My current customer develops embedded devices used by many end users. In order to save server load devices use multicasts for downloading data: every device registers itself on multicast channel using IGMP and listens to UDP packets. No connections to be managed results in lower overhead.
However, some data (or some requests) cannot be downloaded from multicasts channels and HTTP/HTTPS must be used to interact with server. As the number of devices is very high special methods have been used in order not to overload backend servers (randomised delays, client software optimization).
Consequently, small bug in client software that will trigger more events than usual can be very dangerous to whole system stability (because the effect of thousands of devices - perfect DDOS may kill back-end). In order to catch such errant behaviour as soon as possible I've developed daily report that controls server usage in my customer office.
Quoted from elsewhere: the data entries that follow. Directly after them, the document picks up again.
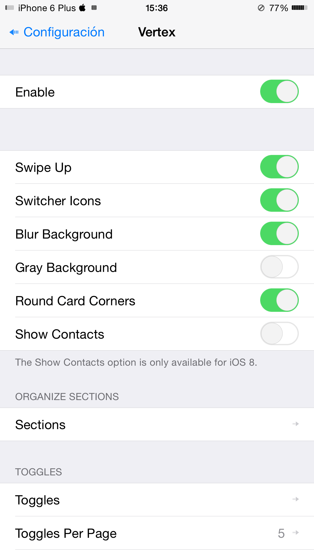 Nos dejara un menu dentro del menu de ajustes donde podremos configurar el Tweak par activarlo o desactivarlo. Podemos activar mas opciones como el Swipe para activarlo, un blur de fondo, fondo en color gris, esquinas redondeadas en los preview de las aplicaciones del multitarea o también si están en iOS 8 mostrar los contactos recientes y favoritos si es que tenemos activada esa función de iOS 8.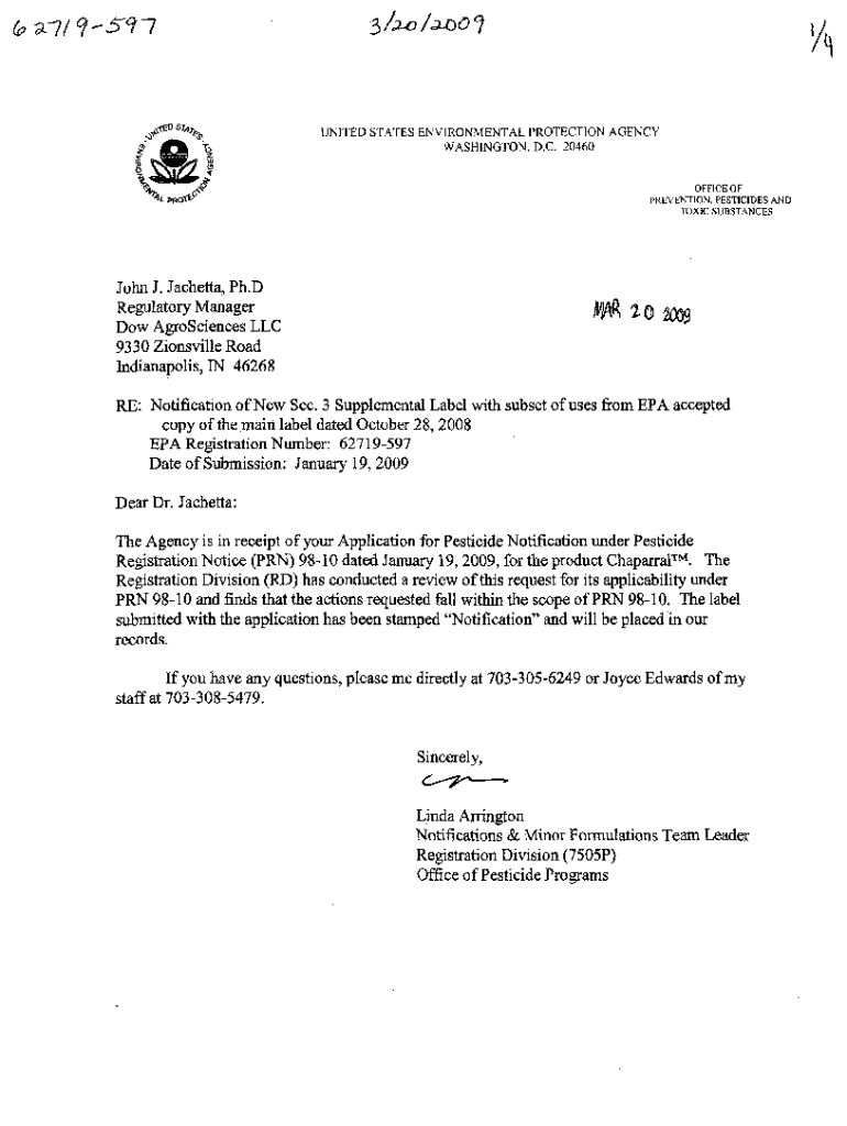 h ;;\'11 Cf597UNITED STATES ENVIRONMENTAL PROTECTION AGENCY WASHINGTON. D.C. 20460OFFICE OF PREVENTION. PESTICIDES AND TOXIC SUBSTANCESJohn J. Jachetta, Ph.D Regulatory Manager Dow AgroSciences LLC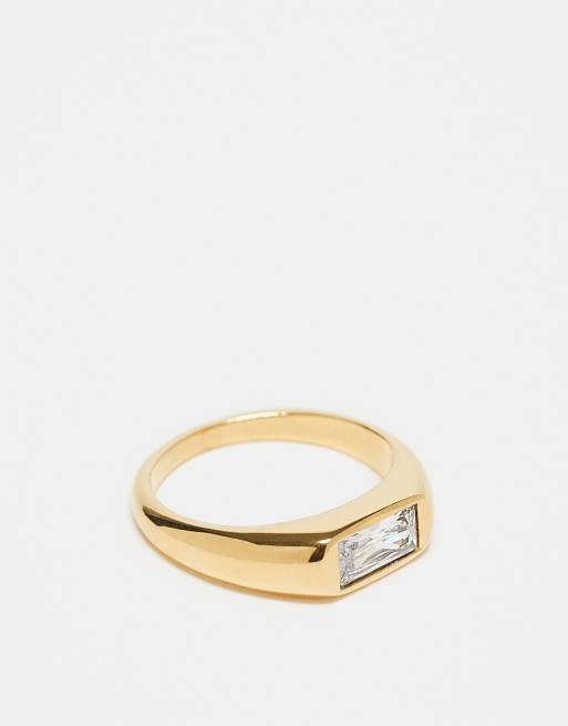 ASOS DESIGN - Chevalière en acier inoxydable étanche ornée de strass - Doré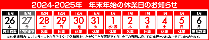 | 12月27日(金) | 2024年最終営業日 17:00までの営業となります。 |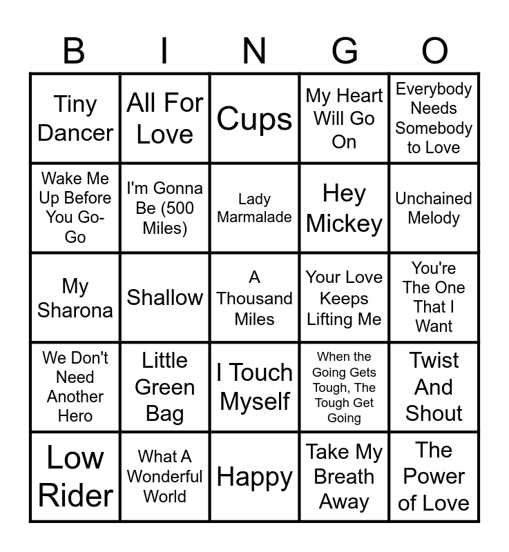 This bingo card has 74 words: Don't You (Forget About Me), Stayin' Alive, Cups, Stand by Me, (I've Had) The Time of My Life, (Everything I Do) I Do It for You, Footloose, Wind Beneath My Wings, Low Rider, Maniac, 9 to 5, Old Time Rock & Roll, Lady Marmalade, Wake Me Up Before You Go-Go, Holiday Road, Shallow, The Power of Love, Unchained Melody, Magic Dance, My Sharona, I'm Gonna Be (500 Miles), All For Love, My Heart Will Go On, I Don't Want to Miss A Thing, A Thousand Miles, Wild Wild West, You're The One That I Want, Blinded By the Light, Danger Zone, Fame, Everybody Needs Somebody to Love, Johnny B Goode, La Bamba, Kokomo, St. Elmos Fire, Take My Breath Away, Skyfall, Gangsta's Paradise, Blaze Of Glory, Neutron Dance, Happy, What A Wonderful World, Let's Hear It for the Boy, Can You Feel the Love Tonight, Mustang Sally, Tiny Dancer, I'm Alright, Little Green Bag, The Heat Is On, Pure Shores, Stuck In the Middle with You, Love Me Like You Do, You're The One That I Want, Eye of the Tiger, The Devil Went Down to Georgia, Accidentally In Love, I Touch Myself, Ghostbusters, See You Again, Twist And Shout, Hey Mickey, Light My Fire, We Don't Need Another Hero, My Girl, Your Love Keeps Lifting Me, A Thousand Years, Werewolves of London, Lose Yourself, When the Going Gets Tough, The Tough Get Going, Banana Boat (Day-O), When Doves Cry, It Must Have Been Love, We Are the Champions and Sweet Home Alabama.
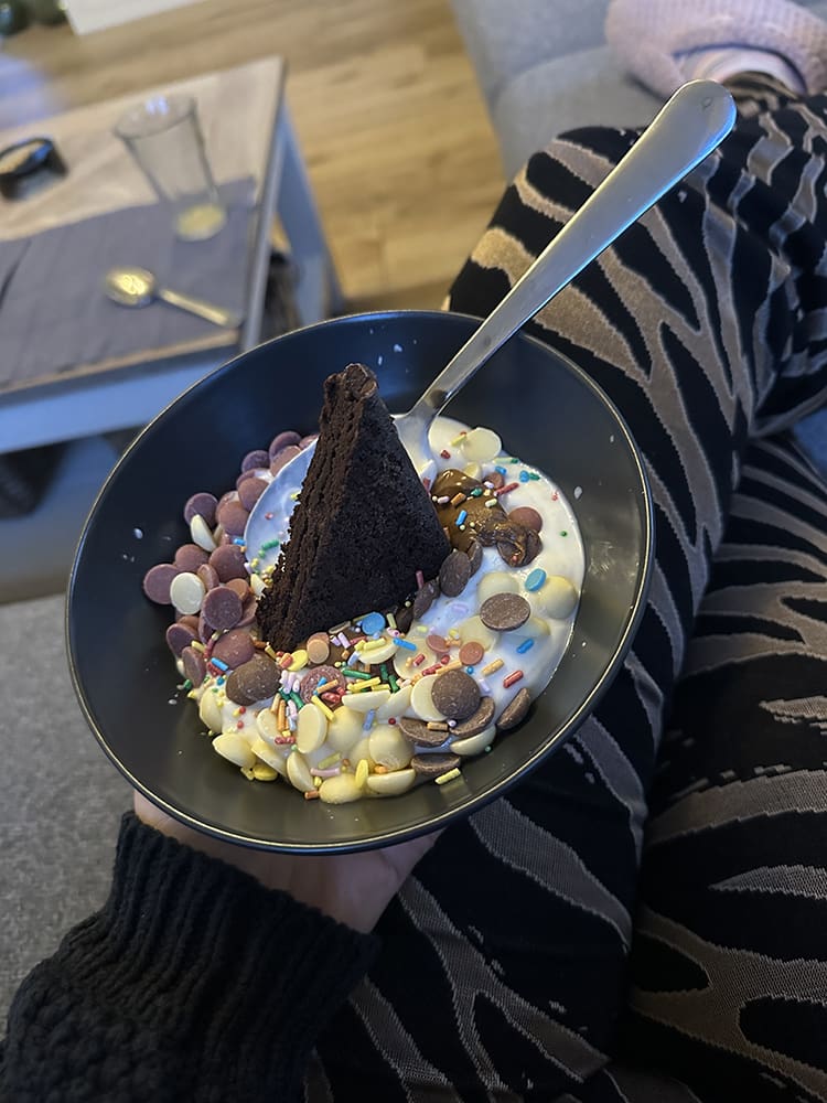 Thijs en ik hebben pizza gegeten en hij had een verrassingstoetje gemaakt, haha.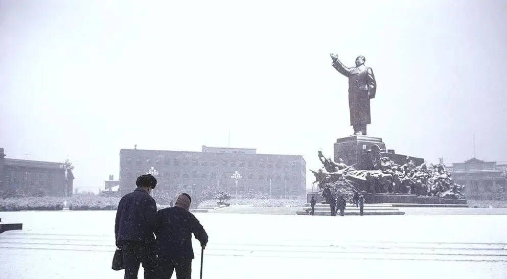 老头手里的这根叫长柄拐杖,木头直,握把磨得锃亮,雪花一片片地落,地上没脚印的地儿不多了,他和老伴肩挨着肩,走得不急不慢,像是对着前头的雕像说话,也像在和过去打个照面,这些场景呀,一合眼就全回来了。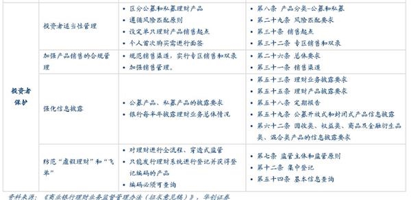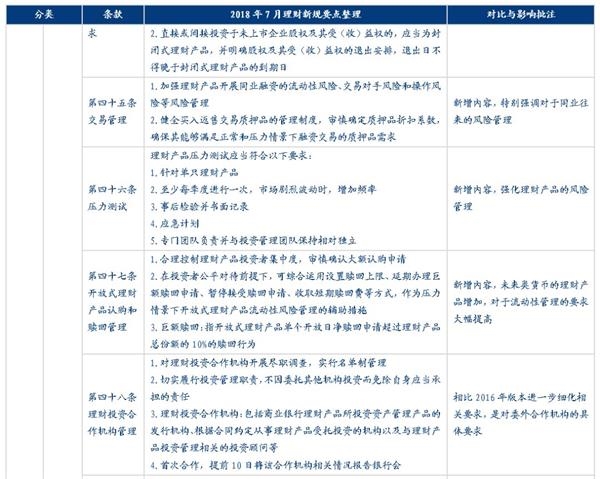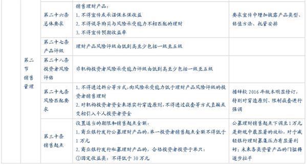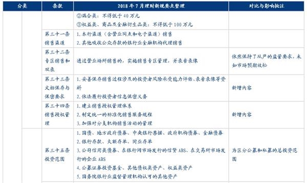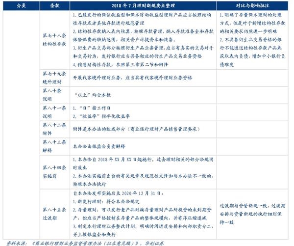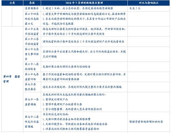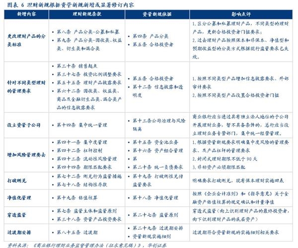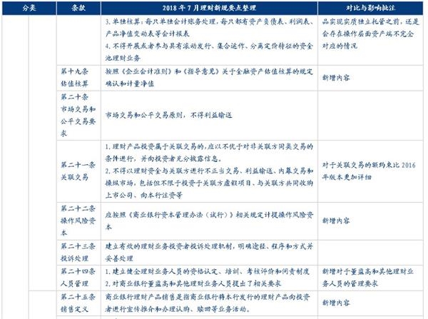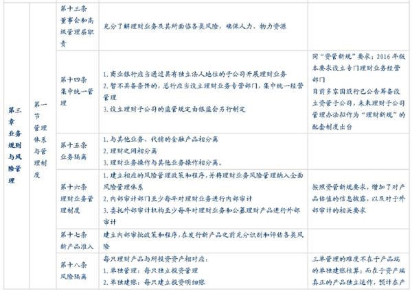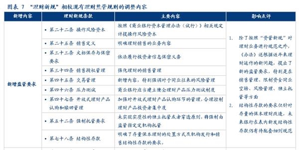 “理财新规”发布之后,原多项针对理财产品经营、销售、投资、风险管理相关的文件将废除,除了根据“资管新规”做出的相应调整和增加的内容之外,新版的理财管理办法也在现有理财业务监管的基础上根据当前的市场环境做了许多调整,包括新增对于销售管理、风险管理、独立托管等方面的监管规则;提高对于关联交易、投资限制及负面清单、集中度管理、流动性风险管理、监管处罚等方面的监管要求、放松了对于销售门槛的起点、私募理财产品杠杆比例、产品清算时限等方面的监管要求,还有一些则保持原有要求不变,例如市场最为关注的对非标投资的总比例约束等内容。

First of all, we need to locate the most "interesting" device by IP address from logs (we list top 20 IPs based on server usage):
ssh $server "cat /path-to-logs/localhost_access_log.$date.log" | awk '
{
t[$1 " " $7]++
ip[$1]++
}
END {
for(a in t) { print t[a], a }
max = 0
max_ip = ""
for(a in ip) { if(ip[a] > max) { max=ip[a]; max_ip=a; } }
print max_ip > "/tmp/max_ip"
}
' | sort -n | tail -20
IP="`cat /tmp/max_ip`"
Then selected IP will be examined hour-by-hour to locate patterns in behavior:
ssh $server "cat /path-to-logs/localhost_access_log.$date.log" | awk -v "SEARCH=$IP" '
{ sub(/:[0-9][0-9]:[0-9][0-9]$/, "", $4); TIME=$4; s[TIME]; }
$0 ~ SEARCH { s[TIME]++;}
END { for(a in s) { print a, s[a] } }
' $* | sort
Sample results with included requested URLs:
Number of calls on 2013-05-22, server: tm2 3 192.168.4.101 /path/nPVR getseries 3 192.168.4.101 /path/reminder get 3 192.168.4.101 /path/rentedItems 3 192.168.4.101 /path/stbProperties get 3 192.168.4.101 /path/subscriberInfo 3 192.168.4.140 /path/autoConfig 6 192.168.4.249 /path/authenticate 6 192.168.4.249 /path/favorite get 6 192.168.4.249 /path/rentedItems 6 192.168.4.249 /path/stbProperties get 7 192.168.4.249 /path/reminder get 7 192.168.4.249 /path/subscriberInfo 8 192.168.4.140 /path/authenticate 8 192.168.4.249 /path/nPVR get 8 192.168.4.249 /path/nPVR getseries 16 192.168.4.254 /path/subscriberInfo 25 192.168.4.254 /path/nPVR get 25 192.168.4.254 /path/nPVR getseries 83 192.168.4.254 /path/favorite get 98 192.168.4.254 /path/reminder get 192.168.4.254 activity per hour: [22/May/2013:00 [22/May/2013:01 [22/May/2013:02 [22/May/2013:03 [22/May/2013:04 [22/May/2013:05 [22/May/2013:06 [22/May/2013:07 [22/May/2013:08 [22/May/2013:09 [22/May/2013:10 [22/May/2013:11 [22/May/2013:12 8 [22/May/2013:13 4 [22/May/2013:14 16 [22/May/2013:15 18 [22/May/2013:16 12 [22/May/2013:17 50 [22/May/2013:18 24 [22/May/2013:19 24 [22/May/2013:20 24 [22/May/2013:21 24 [22/May/2013:22 24 [22/May/2013:23 22
We can see that 192.168.4.254 device started to spam server 24 times per hour from 18:00 until midnight (imagine thousands of devices that synchronously send requests to back-end the same way). This device logs will be thoroughly examined for possible reason for that behaviour.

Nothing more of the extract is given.